Latest revision as of 19:30, 3 November 2024

Sepsis is an acute life-threatening condition characterised by organ dysfunction caused by a dysregulated host response to infection, usually bacterial. It’s related to systemic inflammatory response syndrome (SIRS) in pathomechanism. It has a very high mortality rate and can lead to multiple organ dysfunction syndrome (MODS) and death.

Septic shock is defined as “A subset of sepsis in which underlying circulatory and cellular or metabolic abnormalities lead to substantially increased mortality risk.” As the name implies it implies the state where a person has sepsis and circulatory shock, often of the distributive type. A person is said to be in septic shock if:

  • The patient has sepsis, and:
  • Vasopressors are required to maintain a mean blood pressure of above 65 mmHg, and:
  • The serum level of lactate is > 2.0 mM

A third term, "severe sepsis" was used until 2016, when the Sepsis-3 guideline revised the definition of sepsis. Sepsis-3 also included the deviation from using SIRS criteria to using SOFA criteria.

Etiology

  • Primary infection
    • Pneumonia
    • Genitourinary infections
    • Gastrointestinal infections
    • Skin infections
    • Soft tissue infections
  • Pathogens
    • Gram positive bacteria
    • Gram negative bacteria
  • Risk factors
    • Age < 1 year
    • Age > 65 year
    • Comorbidities
      • Diabetes mellitus
      • Cancer
      • Obesity
      • Cirrhosis
      • Alcoholism
    • Immunosuppression
    • Being in an intensive care unit
    • Invasive medical treatment
      • Endotracheal tube
      • Intravenous lines
      • Urinary catheters

The most common primary infection that leads to sepsis is pneumonia, especially community-acquired pneumonia. The pathogen is more frequently gram positive than gram negative; fungal, viral or parasitic etiology is rare.
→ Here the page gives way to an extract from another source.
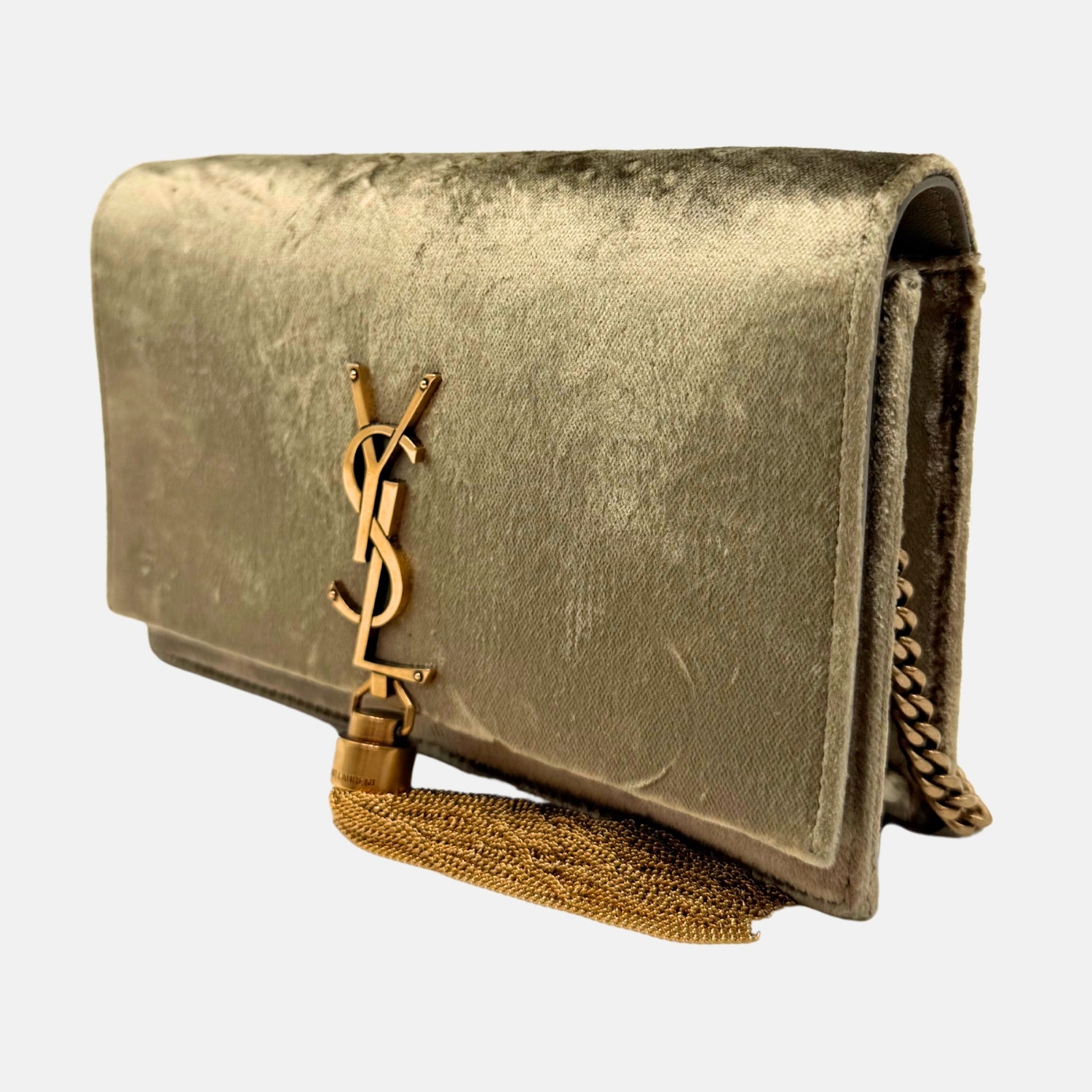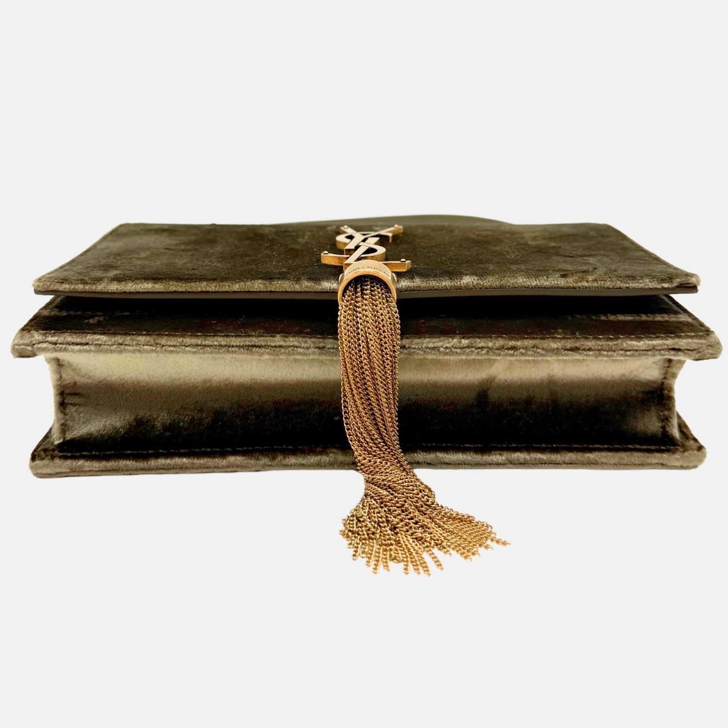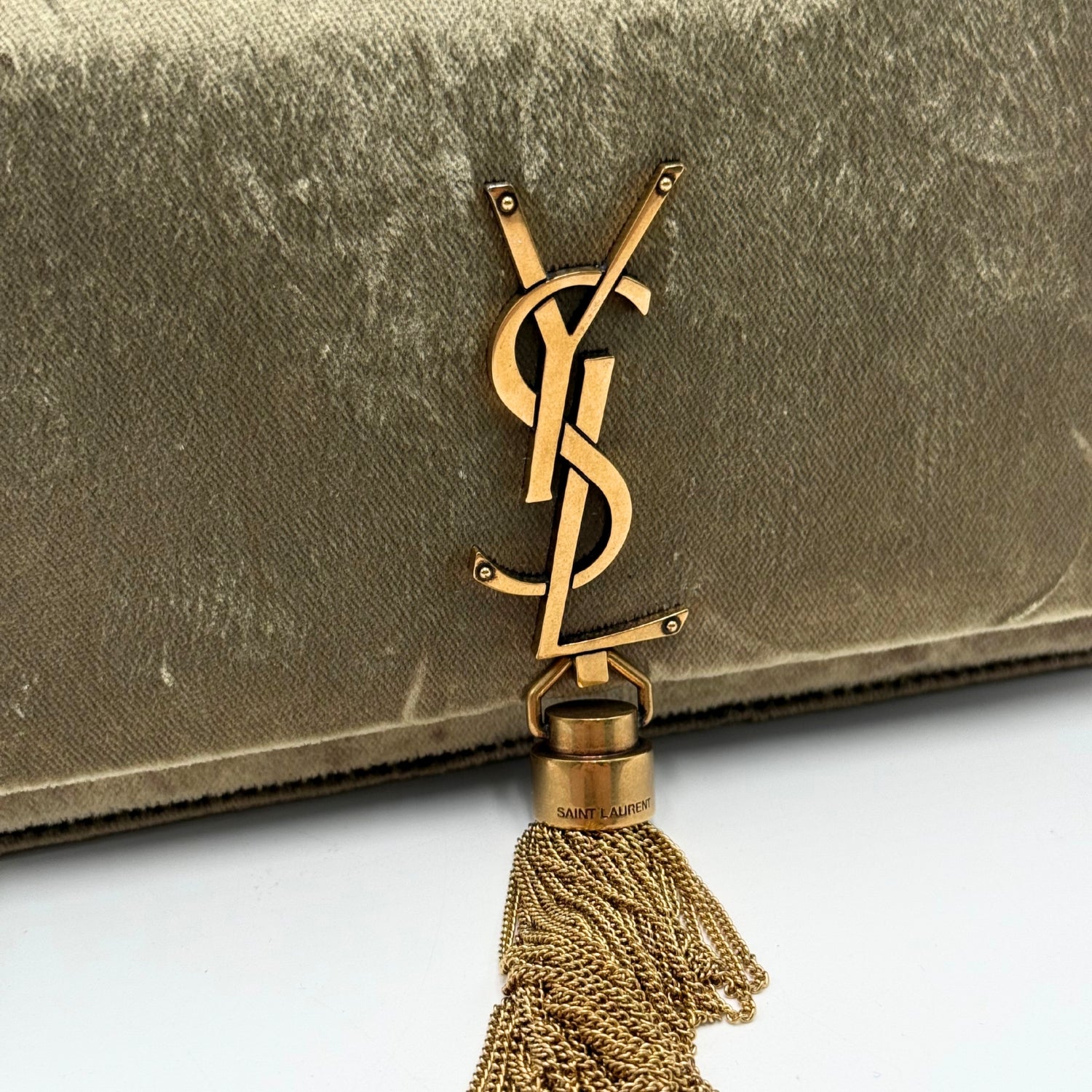 The Saint Laurent Kate Tassel Crossbody Bag Olive Velvet Medium brings rich texture and statement detail to a timeless silhouette. Crafted in plush olive velvet, it features the iconic gold YSL monogram with an elegant chain tassel accent and matching gold chain strap for crossbody wear. The structured envelope shape and magnetic flap closure offer sleek sophistication, making this a standout piece for evenings, events, or holiday dressing.

Bacteraemia is found in 50% of cases of sepsis.

Pathomechanism

The underlying mechanism of sepsis is a hyperinflammatory systemic reaction. A normal, physiological immune response requires a balance of proinflammatory and anti-inflammatory signals. In sepsis, this balance is lost. The exact mechanism that leads to the loss of this balance is not well known. Hyperactivation of the innate immune system occurs, which leads to decreased oxygen delivery to tissues.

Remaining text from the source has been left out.